Imagining the Sale

Mar 16, 2008 12:30

In upper management in Corporate America, it was constantly instilled in us, so that we could constantly instill it in those with whom we worked, that everybody's job--whether we resided in accounting or payroll or rates or worked on the dock--that whatever one's title happened to be, we were all in sales.

Yes, we had a designated sales team whose responsibility it was to go out and deal directly with, and generate revenue from, our customers; but we also knew that any contact the rest of us might have with these customers, either on the phone or by mail or via the Internet, also impacted their perception of doing business with our company. Call it politeness, call it common decency, call it do-unto-others, what it truly came down to was: we were all in sales.
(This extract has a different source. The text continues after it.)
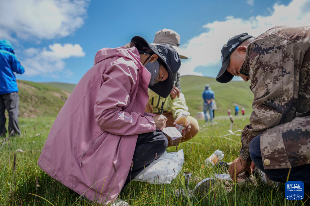 7月23日,長江科學(xué)院水資源綜合管理研究所的程淑婕在通天河曲麻萊河段測量土壤溫濕度。新華社記者 伍志尊 攝

The irony is, though sales and I clashed often through the years (since my department was in the position of establishing the pricing levels that sales would in turn have to sell to the customers, we were automatically diametrically opposed: our making sure the company made a profit versus their desire to present something economically attractive to the customer), what I learned from sales has better equipped me for my "new life" (i.e., self-employed) than any other skill I took away with me from C.A.

Until this morning, it hadn't occurred to me that this wisdom applies to writing, as well. This "miniphany" came to me in the midst of a four-and-a-half hour power outage that enabled me to catch up on my reading. According to Richard Ford's existential realtor Frank Bascombe in Independence Day :

The art of the sale first demands imagining the sale.

It suddenly dawned on me that, as writers, if we're doing our jobs correctly, we're selling our readers that, fiction or nonfiction, fantasy or science fiction, self-help book or expansive volume on the sex life of the tsetse fly, every word we've written is true. That what we say happened really happened. As writers, we're telling our readers that, if they trust us, we'll deliver.

But we can't do that unless we ourselves also believe what we're saying. And in order to do that, we have to imagine the sale.